Relator da ONU sobre escravidão contemporânea, Tomoya Obokata, participa de coletiva no Rio de Janeiro.
Foto: UNIC Rio/Juliana Viegas
O legado da escravidão e do colonialismo, somado a interesses empresariais, segue alimentando formas contemporâneas de escravidão no Brasil. A conclusão é de Tomoya Obokata, Relator Especial das Nações Unidas sobre formas contemporâneas de escravidão, ao final de visita oficial ao país.
Entre os dias 18 e 29 de agosto, Obokata percorreu diferentes estados brasileiros. Além de Brasília, esteve em São Paulo, Marabá, Belo Horizonte e Rio de Janeiro, onde se reuniu com autoridades governamentais, representantes da sociedade civil, trabalhadores de diversos setores, além de vítimas e sobreviventes de formas contemporâneas de escravidão. O Relator agradeceu ao Governo Federal pelo convite e pela cooperação durante toda a visita.
Segundo o especialista, altos níveis de exploração do trabalho, exploração sexual e criminal, servidão doméstica, trabalho infantil e casamento infantil continuam presentes no Brasil, apesar da existência de marcos legislativos, políticos e institucionais considerados robustos.
“Estou profundamente preocupado com os relatos compartilhados comigo, particularmente por povos indígenas, pessoas afrodescendentes – incluindo comunidades quilombolas –, mulheres que trabalham no setor doméstico, bem como migrantes e refugiados”, declarou Obokata.
Para o Relator, as manifestações atuais da escravidão estão enraizadas no comércio transatlântico de africanos escravizados e no colonialismo, que normalizaram a exploração de populações historicamente marginalizadas.
Ele destacou que muitos trabalhadores, inclusive crianças, ficam presos a um ciclo vicioso de pobreza intergeracional. “Quando abusos de direitos humanos são denunciados, trabalhadores e defensores sofrem ameaças de empregadores e outros atores, o que reforça a impunidade e dificulta o acesso à justiça e à reparação”, afirmou.
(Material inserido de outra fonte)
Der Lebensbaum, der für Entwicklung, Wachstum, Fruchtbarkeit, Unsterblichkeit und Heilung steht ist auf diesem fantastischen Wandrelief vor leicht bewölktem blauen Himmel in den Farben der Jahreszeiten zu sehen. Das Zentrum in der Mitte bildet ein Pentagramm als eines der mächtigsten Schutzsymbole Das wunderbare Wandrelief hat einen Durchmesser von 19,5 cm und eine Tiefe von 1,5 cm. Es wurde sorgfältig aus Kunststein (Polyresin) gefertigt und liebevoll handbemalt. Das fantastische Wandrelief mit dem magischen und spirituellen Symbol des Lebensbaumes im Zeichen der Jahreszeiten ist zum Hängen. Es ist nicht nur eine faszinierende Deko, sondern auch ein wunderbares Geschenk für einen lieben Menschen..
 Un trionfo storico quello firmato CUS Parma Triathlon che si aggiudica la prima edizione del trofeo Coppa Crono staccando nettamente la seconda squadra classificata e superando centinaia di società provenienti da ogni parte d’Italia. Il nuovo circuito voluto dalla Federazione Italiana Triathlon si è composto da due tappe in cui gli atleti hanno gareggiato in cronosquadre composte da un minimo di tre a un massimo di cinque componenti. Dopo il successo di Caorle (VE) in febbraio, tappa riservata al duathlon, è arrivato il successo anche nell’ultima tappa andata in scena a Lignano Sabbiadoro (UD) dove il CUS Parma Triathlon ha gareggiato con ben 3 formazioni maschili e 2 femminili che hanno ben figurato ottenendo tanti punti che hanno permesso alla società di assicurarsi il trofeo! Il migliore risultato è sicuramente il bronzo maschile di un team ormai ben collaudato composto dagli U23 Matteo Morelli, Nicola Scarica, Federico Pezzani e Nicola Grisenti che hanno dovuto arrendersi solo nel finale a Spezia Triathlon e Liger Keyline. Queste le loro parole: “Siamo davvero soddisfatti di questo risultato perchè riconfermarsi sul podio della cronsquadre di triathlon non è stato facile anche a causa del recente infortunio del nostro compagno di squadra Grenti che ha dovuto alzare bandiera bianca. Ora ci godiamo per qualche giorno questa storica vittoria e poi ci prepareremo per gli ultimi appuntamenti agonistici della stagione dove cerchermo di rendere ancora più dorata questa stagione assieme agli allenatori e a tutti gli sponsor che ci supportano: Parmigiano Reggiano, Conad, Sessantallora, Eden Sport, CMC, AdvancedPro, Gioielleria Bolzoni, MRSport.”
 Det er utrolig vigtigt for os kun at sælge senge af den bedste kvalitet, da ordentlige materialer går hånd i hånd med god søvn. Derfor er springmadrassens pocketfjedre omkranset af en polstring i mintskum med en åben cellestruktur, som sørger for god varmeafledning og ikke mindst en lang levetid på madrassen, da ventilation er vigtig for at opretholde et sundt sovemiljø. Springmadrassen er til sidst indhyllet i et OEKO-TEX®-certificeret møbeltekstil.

Obokata também relacionou as formas contemporâneas de escravidão à destruição ambiental na Amazônia e em outras regiões, impulsionada por grilagem de terras, exploração madeireira, mineração, produção de carvão vegetal, pecuária, expansão do agronegócio e tráfico de drogas. Esses fatores, segundo ele, resultam em graves violações dos direitos de povos indígenas, quilombolas e comunidades tradicionais, que acabam forçados a migrar e a aceitar trabalhos exploratórios.
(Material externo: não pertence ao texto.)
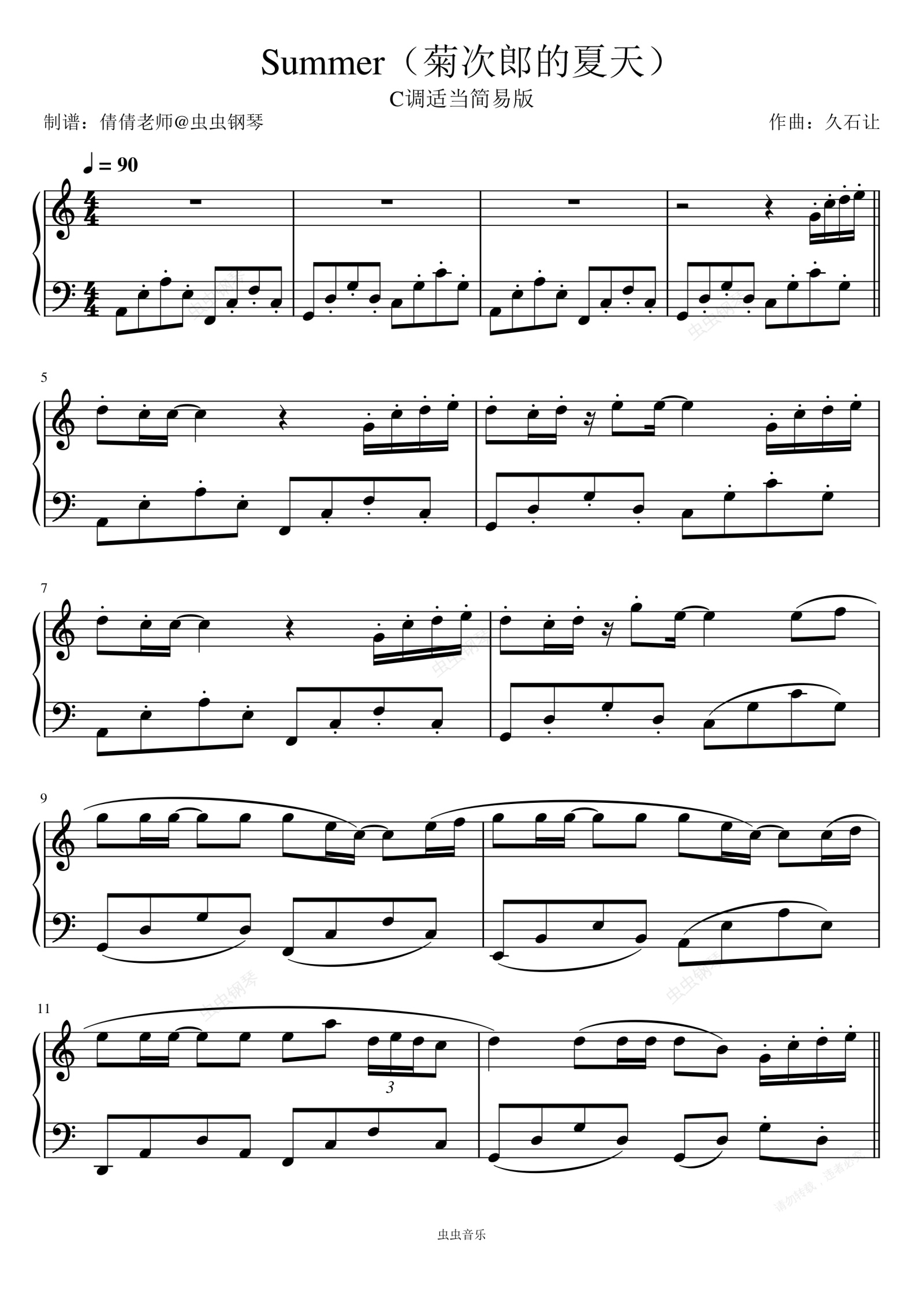 钢琴谱:summer(菊次郎的夏天)-c调适当简易版-久石让

“Os setores mais afetados incluem a agricultura, como o café e a cana-de-açúcar, além da construção civil, indústria têxtil, hotelaria, serviços, pecuária, exploração madeireira, mineração e produção de carvão vegetal”, afirmou o Relator Especial.
Ele ressaltou ainda que a falta de alternativas obriga trabalhadores a se deslocarem pelo país para atividades sazonais: “É urgente garantir condições dignas de vida e de trabalho em áreas rurais e remotas. Isso poderia evitar a necessidade de trabalhadores migrarem internamente para participar da colheita do café e outros produtos em condições de exploração, um modelo que também tem um alto custo para suas famílias.”
O Relator reconheceu políticas brasileiras importantes, como a “lista suja” que responsabiliza empresas flagradas explorando trabalhadores em condições análogas à escravidão. Também citou iniciativas setoriais que buscam promover compromissos voluntários de empresas com o trabalho digno.
“Há exemplos positivos, como o Pacto Nacional do Café, o Pacto Nacional pelo Trabalho Digno na Agricultura e pactos regionais na indústria do vinho, que visam promover o diálogo social entre empresas e trabalhadores. No entanto, esses instrumentos ainda precisam de maior adesão e de mecanismos robustos para monitorar sua implementação”, alertou.
Apesar dos avanços, o Relator apontou falhas significativas na aplicação das medidas, sobretudo nos níveis estadual e municipal, além de práticas de corrupção que permitem a empresas burlar a lei.
“O Brasil precisa enfrentar seu legado de escravidão e colonialismo, reduzindo profundas desigualdades raciais, socioeconômicas e geográficas, redistribuindo recursos de forma justa e protegendo os direitos humanos daqueles que historicamente mais sofreram”, concluiu. O relatório completo da visita será apresentado por Obokata ao Conselho de Direitos Humanos da ONU em setembro de 2025.